Pokrowsk gleicht einer Geisterstadt: Von den ehemals 60.000 Einwohnern harren noch schätzungsweise 11.500 Menschen dort aus.

Ukrainische Verteidiger stemmen sich verzweifelt gegen die russischen Soldaten, die nur noch fünf Kilometer vor Pokrowsk stehen. Trotz des dringenden Aufrufs zur Evakuierung harren weiterhin Tausende Zivilisten dort aus – und erdulden täglich Ausgangssperren. Besuch in einer vom Krieg gezeichneten Stadt.

In der Schule Nummer zwölf in Pokrowsk findet längst kein Unterricht mehr statt, schließlich sind die russischen Truppen nur noch wenige Kilometer von der ostukrainischen Stadt entfernt – und sie kommen immer näher. Die Fenster im Schulgebäude sind vernagelt, vom Universitätsgebäude daneben ist nach russischem Beschuss nicht viel mehr als eine Ruine übrig. Die Schule dient als Wasserstelle, seit vielerorts die Leitungen versiegt sind. Vor dem Gebäude können die wenigen verbliebenen Bewohner der sterbenden Stadt Trinkwasser in Flaschen und Kanister abfüllen.

Serhij ist mit seinem alten grünen Lada vorgefahren, im Kofferraum liegt neben diversen Kanistern eine Munitionskiste. Der 45-Jährige ist Soldat an der Front im Osten und hat ein paar Tage Urlaub, damit er sich um seine alte Mutter in Pokrowsk kümmern kann. „Sie will nicht weg“, sagt der Unteroffizier. Zudem bekomme sie gerade einmal umgerechnet 70 Euro Rente im Monat. „Dafür kann man woanders keine Wohnung mieten.“ Das Schicksal seiner Heimatstadt in der Region Donezk hält Serhij für besiegelt. „Definitiv“ würden die russischen Truppen in absehbarer Zeit Pokrowsk erobern, meint er.

Große Kriegsmüdigkeit

Ob die Ukraine den Krieg zu verlieren drohe? „Sie sehen ja selbst, was passiert“, antwortet Serhij ausweichend, während das Wasser in seine Kanister sprudelt. Die Lage an der Front sei „sehr schlecht, und sie wird immer schlechter.
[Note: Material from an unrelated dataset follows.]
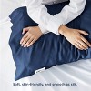 These pillowcases are designed with durability in mind. The blend of rayon derived from bamboo and polyester enhances the fabric's strength, making it more resistant to wear and tear compared to traditional cotton pillowcases. The double-stitched seams add an extra layer of durability, ensuring the pillowcases withstand regular use and washing without losing their integrity. For easy maintenance, the pillowcases are machine washable. It's recommended to wash them in cold water with like colours on a gentle cycle. Use only non-chlorine bleach if necessary, tumble dry on low, and cool iron if needed. To reduce wrinkles, promptly remove the pillowcases from the dryer after the cycle is complete. Please note that rayon derived from bamboo may naturally shrink after washing; however, the manufacturer has accounted for this by slightly increasing the initial size to ensure a proper fit after laundering.

Uns gehen die Soldaten aus und wir haben fast keine Munition mehr.“ Verwundete und Gefallene könnten mangels Rekruten nicht mehr ersetzt werden.

„Die Leute an der Front sind so müde, ich kann das gar nicht mit Worten beschreiben“, sagt Serhij. Er sei inzwischen für Verhandlungen mit Russland. „Hauptsache, der Krieg endet.“ Dabei halte er es zur Not auch für eine Option, besetzte Gebiete an die Russen abzutreten. „Andernfalls werden sie noch mehr Städte zerstören.“ Darauf angesprochen, ob die vielen Opfer dann nicht umsonst gewesen wären, sagt er: „Das ist eine philosophische Frage. Jeder will nur Frieden.“

Wie kriegsmüde die Ukrainerinnen und Ukrainer sind, darauf deutet eine im vergangenen Monat veröffentlichte Umfrage des US-Instituts Gallup hin: Erstmals sagt darin eine Mehrheit (52 Prozent), die Ukraine sollte über ein Ende des Krieges so bald wie möglich verhandeln. Nur noch 38 Prozent sprechen sich dafür aus, bis zu einem Sieg weiterzukämpfen. Unmittelbar nach dem russischen Überfall im Februar 2022 sind dafür noch 73 Prozent gewesen. Lediglich 22 Prozent haben damals Verhandlungen mit Moskau gewollt.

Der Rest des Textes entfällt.